8. Сибирь, 7 июня 1837 г. «Любезная сестра! На последней неделе получил я посылки… Ящик разбит, вещи попорчены, беспорядок совершенный. Счастье Департамента почт, что мне нельзя ни разыскивать, ни обнародовать мнений своих о его управлении. Кто берет деньги, должен исполнять обязательства. Неспособность и мистицизм не оправдывают. Стариковщина вообще ни к чему не годится. Поручи ей армию, она ее загрязнит, поручи дворец — сожжет, поручи посылку — изгадит… Дружеское письмо, вместо того чтобы выразить чувства, наполняется мелочными подробностями и тягостными обвинениями. Ты доводишь меня до красноречия столоначальника».

План прост: поскольку на поселении разрешено писать своею рукой — значит, что бы ни было занесено на бумагу, отвечает только писавший (прежде, на каторге, была круговая порука: нарушение режима одним отразилось бы на всех, за «плохое» письмо ответила бы декабристка, которая написала его под диктовку).

Письма отправляются не с какой-нибудь оказией, но законно, то есть по почте, через цензуру. По дороге к адресату письмо обязательно несколькими чиновниками читается, обсуждается, возможно, копируется.

«Неспособность, стариковщина» — это прежде всего в адрес склонного к мистицизму министра почт Александра Голицына, одного из тех, кто сидел в следственном комитете.

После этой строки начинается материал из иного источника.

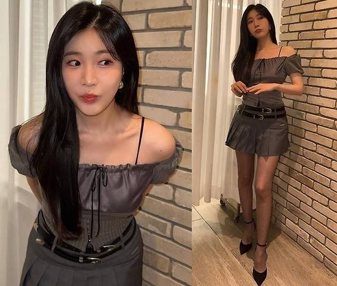 평소 활기차고 러블리한 이미지로 알려진 이해리는 이번엔 오프숄더 탑과 초미니 플리츠 스커트로 '시크한 언니룩'에 도전했습니다.

Почтари особенно обрадуются щелчку, полученному своим министром, ибо нет большей радости низшему, чем безнаказанно хихикать над вышестоящим… Скорее всего министру доложат — и придется жаловаться еще выше, но даже к Бенкендорфу неловко нести такие комплименты от вчерашнего каторжника; если же покарать оскорбителя — все скоро узнают за что, и будет слава, как у Воронцова, употребившего власть против опального Пушкина. Да и Уварова, сестра Лунина, принята в высших салонах: выйдет скандал…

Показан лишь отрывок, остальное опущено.